L’EXERCICE DE LA PROFESSION :
LA RESPONSABILITE DU BANQUIER

L’existence de devoirs professionnels spécifiques pesant sur les établissements de crédit et


leur organisation en tant qu’entreprises est sanctionnée par l’existence d’une responsabilité
multiforme. Le banquier répond donc des actes et des faits dommageables ou illicites commis
dans l’exercice de son activité.
Des sanctions disciplinaires peuvent être encourues par les établissements de crédit et leurs
dirigeants à raison de comportements contraires à l’éthique et à la déontologie de la
profession ou du non-respect de certaines normes de gestion.
Les sanctions disciplinaires pour infraction à la réglementation bancaire ou toutes autres
législations applicables aux établissements de crédit sont prononcées par la Commission
Bancaire de l’UMOA qui est habilitée à constater les infractions en la matière.
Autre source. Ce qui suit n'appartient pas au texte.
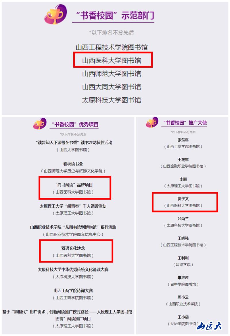 此次评选活动由山西省高等学校图书情报工作委员会主办,旨在贯彻习近平总书记致“首届全民阅读大会”贺信及党的二十大报告关于“深化全民阅读活动”的要求,落实教育部等八部门印发的《全国青少年学生读书行动实施方案》,进一步推动山西省高等院校阅读文化和书香校园建设,引导师生形成爱读书、读好书、善读书的良好阅读习惯。全省共收集到94件申报材料,经过专业评审,最终评定5个“书香校园”示范部门、9个“书香校园”优秀项目以及10位“书香校园”推广大使。我校图书馆获评“书香校园”示范部门;图书馆“尚书阅读”品牌项目、双语文化沙龙获评“书香校园”优秀项目;青年教师贾子文获评“书香校园”推广大使。

Le régime des
sanctions disciplinaires est renforcé par des sanctions pécuniaires dont les sommes sont
recouvrées par la Banque Centrale pour le compte du Trésor public.
A côté des sanctions disciplinaires, existent des sanctions pénales (Section I). La
responsabilité civile du banquier demeure, quant à elle, soumise au droit commun. Elle
présente des traits généraux (Section II) et elle reçoit des applications spécifiques en matière
de crédit(Section III).

SECTION I : LA RESPONSABILITE PENALE

Le banquier répond au même titre que les personnes physiques ou morales de toute
infraction sanctionnée par le code pénal.

Plus particulièrement, il répond de certaines infractions relatives à la profession


bancaire et/ou aux opérations bancaires (articles 70 et s. de la loi portant réglementation
bancaire).
Les sanctions intéressent plusieurs infractions. Ce sont entre autres :
- l’exercice de l’activité d’établissement de crédit sans agrément ou au-delà des limites
de l’agrément ;
- la violation du secret professionnel ;
- la communication de documents ou renseignements inexacts à la Banque Centrale ou à
la Commission Bancaire ou le refus des contrôles prévus par la réglementation
bancaire ;
- les infractions aux règles en matière de comptabilité et d’information de la Banque
Centrale et de la Commission Bancaire.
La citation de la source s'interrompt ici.